A counter argument to the “Insurance encourages ransomware” statement that’s often seen…:
[…] And, those who have criticized cyber insurance have some important facts wrong:
- Ransomware victims are rarely targeted. Why would they be? Targeting victims takes time, research and money. A better strategy for attackers is to target a specific but widespread vulnerability that will quickly cause chaos and distribute links to ransomware to the maximum number of potential victims — and see who takes the bait. Each success is another quick smash and grab.
- Insurance hardly creates an incentive for extortionists. As even critics concede, ransomware demands usually top out at five figures. For many, that cost is a nuisance. And although no one wants to support cyber criminals, organizations are forced to weigh the option of paying ransomware demands against the risk of operational disruptions that could last weeks or months and cost far more. For example, after the City of Baltimore refused to pay a ransom demand of around $76,000, it incurred prolonged outages and racked up nearly $20 million in losses. Small and midsize businesses may not be able to absorb the same pain from a prolonged disruption. And if your company does not have cyber insurance to absorb those losses, you have even more incentive to pay a ransom demand.

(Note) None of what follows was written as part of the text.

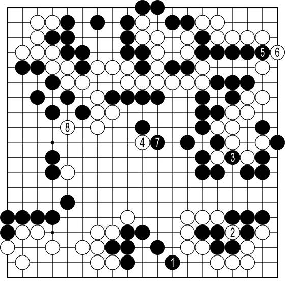 장면⑨=반집 승부다. 숨 막히는 끝내기가 시작됐다. 변의 끝내기나 귀의 끝내기엔 나름의 계산법이 존재한다. 하나 이 판의 끝내기 무대는 ‘중앙’이다. 일반적인 계산법이 통하지 않는다. 과거 ‘신산(神算)이라 불린 소년 이창호가 중앙을 계산했고 서봉수 9단은 “부럽다”며 그걸 극찬했다. 이 판은 중앙의 모호함 외에 또 하나의 중대한 변수가 있으니 바로 하변 흑 사활이다. 흑1로 삶의 형태를 취하자 백2로 따냈고 흑도 3으로 따내며 차례로 큰 곳을 둔다. 백4로 중앙을 견제한 뒤 8까지 들어간 수가 날카롭다. AI의 블루 스폿이다.

- Insurers do not make decisions about whether to pay extortionists — the insurance buyer always makes the final call. The unfortunate truth is that, for many organizations, paying a ransom demand is the cheaper and more effective option. Even if cyber insurance absorbs the cost of a disruption, victims have many other considerations. How many initiatives will be sidelined as an organization flounders with its networks down? What happens to customers who depend on the services your company provides? What happens to your reputation? If an insured refuses to pay, its insurer supports the insured, paying network recovery costs and reimbursing it for income lost as a result of the attack.